Brick and mortar shoppers now have an arsenal of never-ending resources in the form of smartphones.  Price-checking in-store, or showrooming, has quickly become the norm, and retailers have had no choice but to find creative ways to fight back and ensure in-store sales remain strong.

Best Buy is one of those retailers and is offering a price-match guarantee this year.  What does this mean?  Customers can bargain.  Prices are no longer set in stone.  If a shopper finds a cheaper price online, Best Buy will work with them to keep that sale in-store.

The future of retail is changing rapidly and with each new technological advancement, shoppers get smarter about what they are willing to pay for products and services.  Brands and retailers will also have to continue to get smarter, adopting new technologies and policies that will ensure both in-store and online channels thrive.

Social Media, Branding Superhero

Inc. Magazine recently featured a post about whether social media is more advertising or PR. The author believes that social media can be either, depending on a marketer’s goals or objectives. My Millennial opinion: Social media is its own entity.

PR is message and communication management, a key aspect of social media. Advertising is focused on business strategy and achieving measurable results based on set objectives. Any social media promotional campaign that depends on conversion as a success factor harnesses the skills of advertising.

I agree with the author that social media can be what a client needs it to be and can lean toward PR or advertising, depending on the objective. But, as a whole, social media is the future…happening now.

The fact that social media can tackle the demands of PR and advertising in one fell swoop gives it a power that neither PR nor advertising can have on their own. It’s a medium that gives anyone the power to become a brand — and that’s exactly how my generation is using it.
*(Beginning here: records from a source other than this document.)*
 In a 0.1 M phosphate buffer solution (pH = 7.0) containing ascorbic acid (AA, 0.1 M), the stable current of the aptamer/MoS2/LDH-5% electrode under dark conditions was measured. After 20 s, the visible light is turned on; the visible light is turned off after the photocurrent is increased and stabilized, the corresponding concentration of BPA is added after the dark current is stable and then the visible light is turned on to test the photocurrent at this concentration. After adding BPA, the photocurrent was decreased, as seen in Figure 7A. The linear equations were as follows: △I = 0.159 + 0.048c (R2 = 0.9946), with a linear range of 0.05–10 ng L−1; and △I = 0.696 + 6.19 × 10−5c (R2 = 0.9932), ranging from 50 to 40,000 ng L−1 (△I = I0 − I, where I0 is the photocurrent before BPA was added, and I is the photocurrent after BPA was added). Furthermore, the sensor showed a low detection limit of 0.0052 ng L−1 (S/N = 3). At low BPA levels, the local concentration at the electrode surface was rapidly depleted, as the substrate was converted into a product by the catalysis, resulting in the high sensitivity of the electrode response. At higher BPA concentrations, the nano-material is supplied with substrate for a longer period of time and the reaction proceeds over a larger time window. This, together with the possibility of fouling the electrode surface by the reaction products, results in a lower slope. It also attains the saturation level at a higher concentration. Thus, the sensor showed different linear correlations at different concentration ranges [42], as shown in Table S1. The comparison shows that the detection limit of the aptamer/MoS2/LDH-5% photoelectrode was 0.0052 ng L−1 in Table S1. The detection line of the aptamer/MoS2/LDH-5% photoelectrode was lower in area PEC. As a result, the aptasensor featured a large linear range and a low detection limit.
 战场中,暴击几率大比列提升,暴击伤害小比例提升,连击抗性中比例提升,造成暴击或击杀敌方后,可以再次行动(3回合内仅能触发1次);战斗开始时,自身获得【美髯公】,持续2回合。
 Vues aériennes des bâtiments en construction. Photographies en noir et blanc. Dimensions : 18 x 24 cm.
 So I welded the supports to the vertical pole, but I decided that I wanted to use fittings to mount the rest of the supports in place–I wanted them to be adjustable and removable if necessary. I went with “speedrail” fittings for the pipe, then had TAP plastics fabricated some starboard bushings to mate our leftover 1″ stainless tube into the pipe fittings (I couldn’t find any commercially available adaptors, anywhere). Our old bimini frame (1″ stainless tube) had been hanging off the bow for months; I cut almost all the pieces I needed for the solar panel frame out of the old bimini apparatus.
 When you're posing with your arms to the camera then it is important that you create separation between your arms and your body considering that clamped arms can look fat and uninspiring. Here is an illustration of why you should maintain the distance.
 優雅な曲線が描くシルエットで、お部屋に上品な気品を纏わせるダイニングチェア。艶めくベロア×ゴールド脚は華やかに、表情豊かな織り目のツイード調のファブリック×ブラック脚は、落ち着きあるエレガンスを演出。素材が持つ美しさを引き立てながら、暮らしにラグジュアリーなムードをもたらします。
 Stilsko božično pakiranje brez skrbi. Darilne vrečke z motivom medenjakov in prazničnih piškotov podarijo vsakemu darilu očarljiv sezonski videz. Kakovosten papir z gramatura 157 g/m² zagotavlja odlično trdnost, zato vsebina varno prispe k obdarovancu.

We are setting the future of business by branding ourselves without the assistance of PR or advertising, but instead using social media. And thanks to this special medium, when consumers set trends on Facebook, Twitter or the like, brands tend to follow in their footsteps. If you’re wondering who is really in control…look no further. Consumers and Shoppers. They hold the power in today’s dynamic retail ecosystem.

And mark my words, the more prominent social media becomes, the more brands will begin to test its limits in ways no one could ever imagine with PR or advertising alone.